Employee benefit trends: Changes that are here to stay

Updated August 3, 2021 - 12:37 pm

Jobs are opening up by the thousands in Las Vegas, but many individuals are not looking for jobs. They’re looking for stability. As companies look ahead, employers are reporting growing difficulties filling positions in Las Vegas due to ongoing fears about the virus, competing unemployment benefits, caregiving strains and more. To address the tight job market, employee benefit packages must adapt to the digital transformation of the last decade and the emotional disruptions and stresses of the pandemic. Here are five trends that can give companies the competitive edge to attract and retain top talent.


In 2020, technology was at the root of everyday tasks and interactions. With restricted access to in-person health care, employees looked for different ways to interact with their health care providers for non-emergency issues and routine care. In March, Amazon announced the nationwide expansion of its telehealth app, Amazon Care, to its employees. The platform allows employees and their families immediate access to health care services via video and live chats, in-app messaging, prescription deliveries and more — a welcome change for individuals seeking accessible, on-demand support.

While virtual care will not replace in-person visits, employers need to prioritize communicating the value of the various health care technology tools that are available to employees. This communication will help ensure that employees have 24/7 access to care and that their health needs are being immediately addressed. Studies have continually shown that increased health care technology utilization results in a healthier and more productive workforce, not to mention a company culture where employees feel valued.
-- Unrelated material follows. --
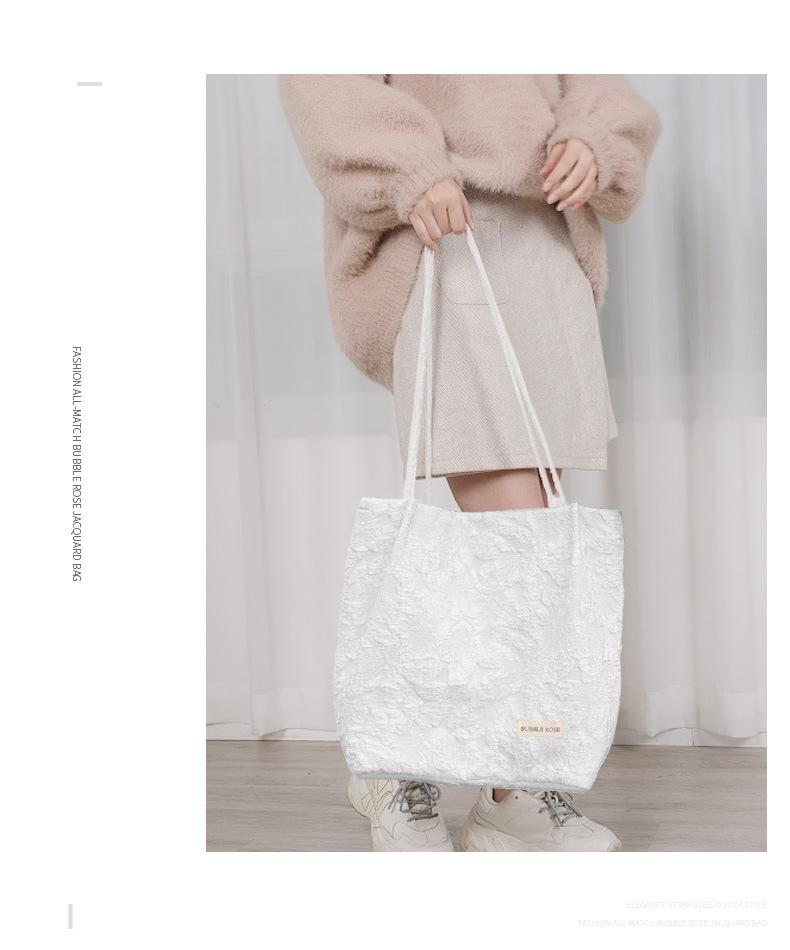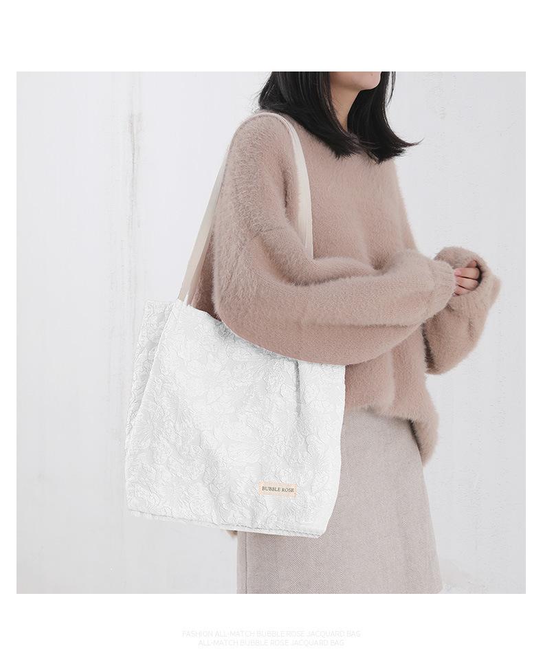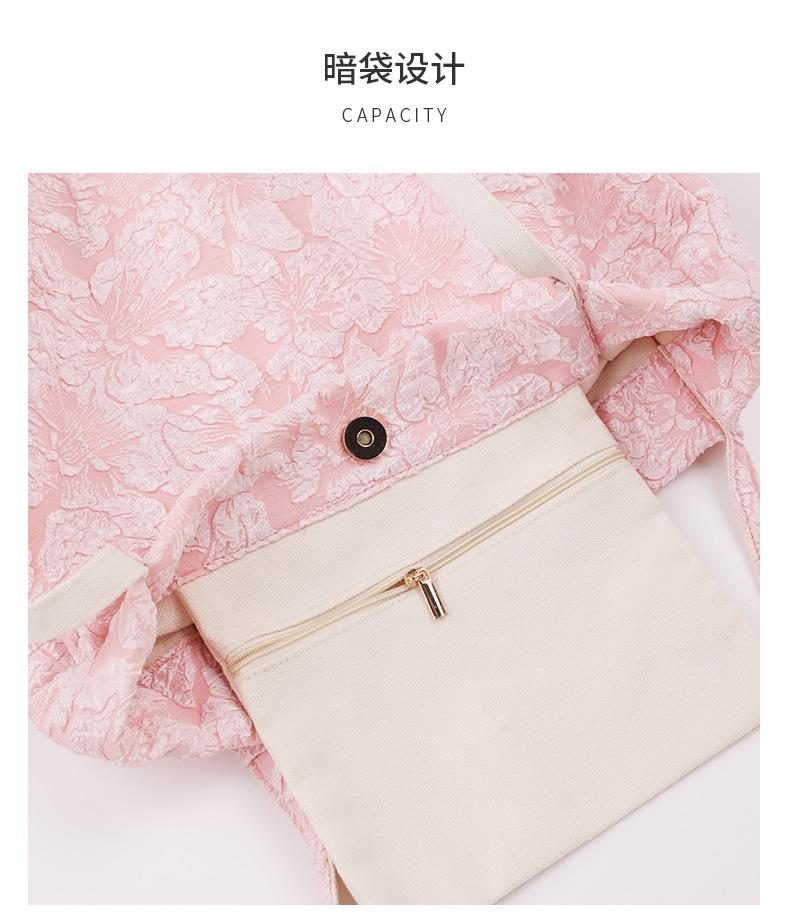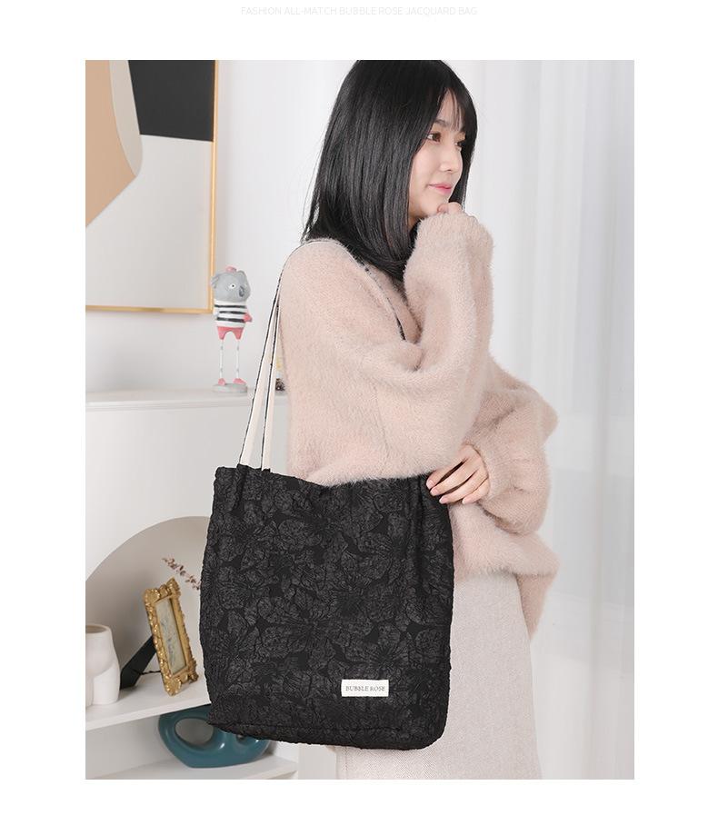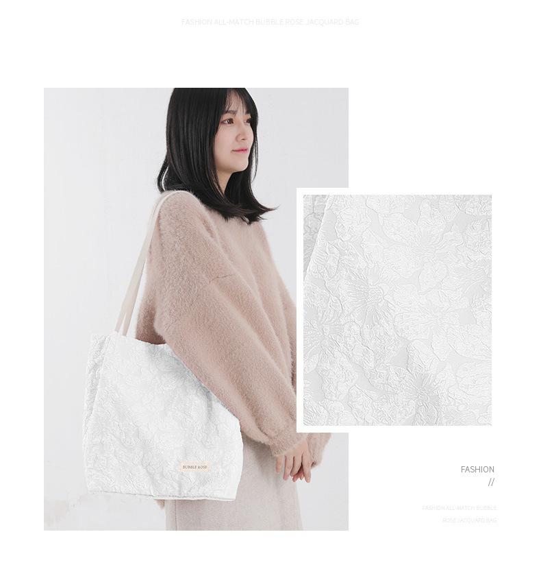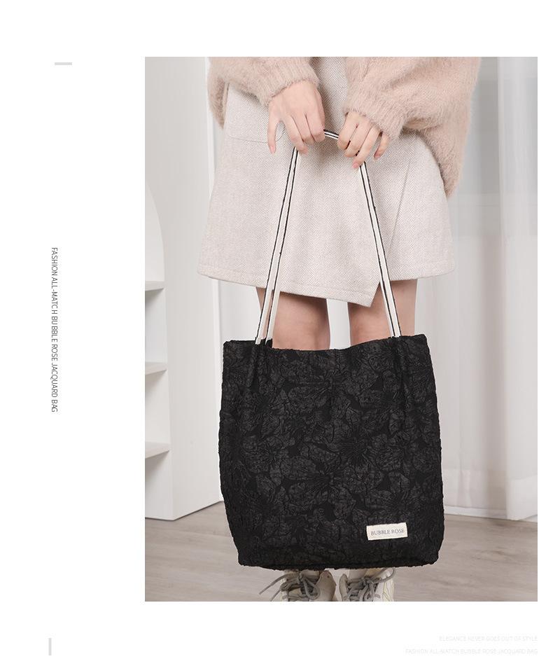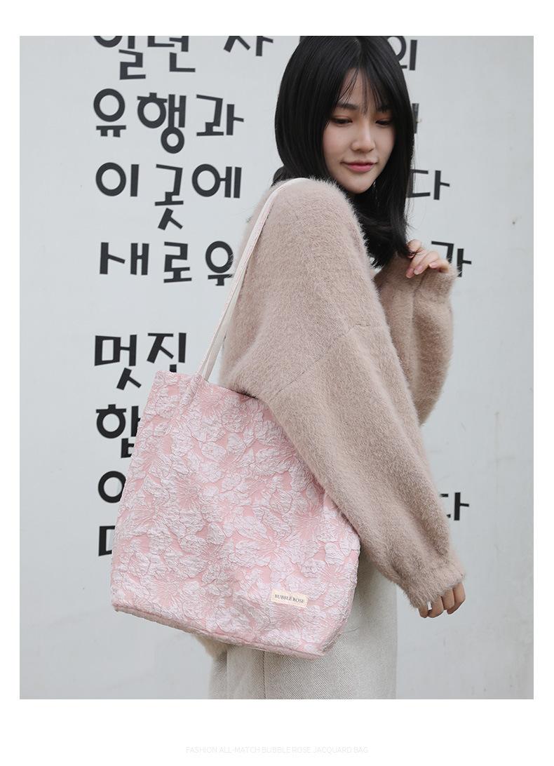 Bolso de hombro de jacquard de estilo coreano de celebridades de Internet, bolso de lona con diseño de nicho de gran capacidad y flores estéreo, bolso de mano para estudiantes.

Studies have shown that employees are willing to forego traditional benefits like health care or paid vacations in exchange for more remote-work options. In a recent survey by the Harvard Business School, 81 percent of employees said they preferred not to go back to the office at all or have a hybrid schedule going forward. Remote work is not always the best option for companies, but employees are prioritizing their work-life balance out of both preference and need. As flexibility in the workplace becomes more common, employers benefit from weighing their options carefully, negotiating a more accommodating schedule for those who require it, and adding benefits such as dependent care to help employees balance their professional and personal lives.


In 2020, the Principal Financial Well-Being IndexSM reported that mental health and well-being was the most popular category of employee benefits to add or increase among the employers surveyed. To address this growing need, businesses need to understand how mental health affects their workers and communicate the mental health benefits and resources that are included in their benefit plans.

Open communication and transparency about mental health resources and benefits can significantly improve workplace culture, relationships and promote overall well-being. The World Health Organization found that for every $1 spent on treating common mental health concerns, there is a return of $4 in improved health and productivity. As mental health issues continue to rise, employers need to actively engage their workforce and help them get the most out of the mental health benefits available to them.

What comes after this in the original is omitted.